The word order is for the most part the same or similar (German has this verb-at-the-end construction that you not only have to learn, but you have to train somewhat to remember enough context to bind the verbs to the clauses they apply to; Japanese is SOV rather than SVO like English/Chinese).
The writing system takes a really long time and a lot of memorization, but if you're learning only to speak and listen, you don't really have to deal with it.
Chinese is basically English grammar with different words...Japanese on the other hand is much more weird. Getting tones right is key, but they are easy to practice.
Writing is quite hard; I'm conversational but basically illiterate.
Per hour, adults are more efficient at learning languages. But kids forced into another language typically get more hours of exposure than adults attempting to force themselves to learn a language.
Do you have anything cite for this claim? All the research I'm aware of strongly suggests (1) It's extremely hard for adults to learn new languages - usually requiring many more hours compared to kids learning second language (2) Brain circuitry to hear, distinguish and pronounce new sounds effectively gets shutdown in older age.
I too often read about research that suggests children are better at learning languages than adults, which may or not be true, but I am rarely convinced by these reports. Finding a correlation between the age a person started learning a language and their fluency, the reports then conclude that children are superior learners, without considering other factors like that bi-lingual children are exposed to their languages constantly and must learn them to communicate with others, while adult learners find 2 hours of study onerous and suffer few if any consequences from not learning.
Other studies are more scientifically rigorous, testing the aptitude of various language learning abilities with quizzes and games, but I think we can infer very little about the efficiency of long term studying from these narrow tests.
Just anecdotally, I live in Japan, and most foreigners I know who come as adults and work in a Japanese environment are conversational in a year, fluent in 3 or 4.
I only have this anecdote. My wife, two kids (3 & 5 years old) and I have been taking Mandarin classes for the past six months. My wife & I pick up the concepts, grammar/patterns and vocabulary about three times faster than our kids (we are also forced to work harder at it because we're constantly reinforcing the lessons to them, so that inherently biases this analysis). That said, their pronunciation is muuuuuuuch better than ours.
Kids learn by observing and interacting in the language. Adults usually learn the grammar and vocabulary directly, which is a slower mechanism for the brain.
Unfortunately I can't remember where I heard that recently. Knowing my own habits, it wasn't merely hearsay, and may have been from a podcast or other such non-fiction program, and still may have been a rogue opinion. I wish I could think of it. I'll Google around this evening.
For most people this is probably true, but I started learning Mandarin in college and now have a native-sounding accent, and I know others who have pulled it off too.
I think the key was that in the first few months of studying Mandarin, I listened to recordings of short phrases and repeated them back over and over again until I sounded exactly like the recording. I spent hours in my university's language lab with headphones on, doing this.

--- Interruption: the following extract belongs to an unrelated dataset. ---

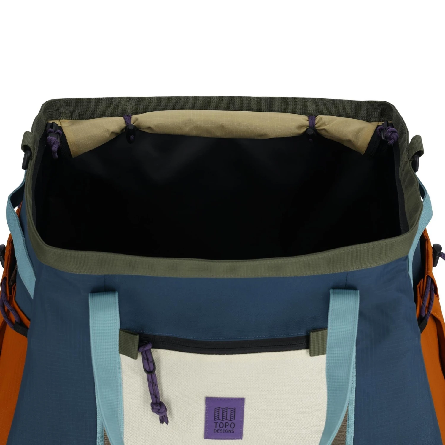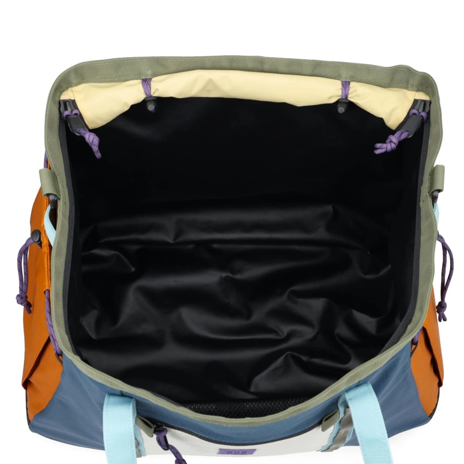 Materials: 1000D recycled nylon, 200D lightweight recycled nylon, 10 oz vinyl tarp liner

But you have to be able to imitate sounds that you hear, and I guess not everyone is naturally good at this. I'd imagine that people who are good at doing impressions, as well as perhaps people with musical talent, have an advantage at learning accents.

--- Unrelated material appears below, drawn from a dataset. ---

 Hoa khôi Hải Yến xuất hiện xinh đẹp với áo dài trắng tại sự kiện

What I've gathered is that accents depend on your ability to distinguish phonemes - the classic example is that in western languages there is p vs. b sound - whereas in Tagalog there is also a pb intermediate sound.
If you have an ear for knowing that some languages use that phoneme, you will be more likely to be able to both hear and articulate these sounds (i.e., your aptitude for learning language accents is higher)
I was watching a reality TV show last week (flip this old beach house or somesuch) where a father and his toddler daughter had approximately this dialog.
I'm unconvinced that a school-setting can teach children languages vastly more effectively than an adult (or an adult can self-teach). Maybe for very young children, but even that I'm sceptical of.
Hmm dude, everybody here who is not a native English speaker knows at least a second language on top of his mother tongue. I'm French, fluent in English and conversational in Spanish and German and I don't think it's so impressive.
Chinese on the other hand is a bit tougher because the writing is so different.
You're speaking four related western European languages.
For example, when you learned English, notwithstanding the fact that you are surrounded by English since you're a child, you had from day one several thousands words of vocabulary and knew a superset of the English grammar (FYI, 45% of English words are of French origin).
I'm fluent in three European languages as well. I can feel that I could pick up Italian or Dutch very easily (I'm > 35 y.o.). When trying Russian with my gf, I don't have the same feeling.
It's impressive in America, where it's not needed, and moreso because Chinese is "exotic" and superficially less "practical" than learning Spanish, which is a useful thing to know south of New York.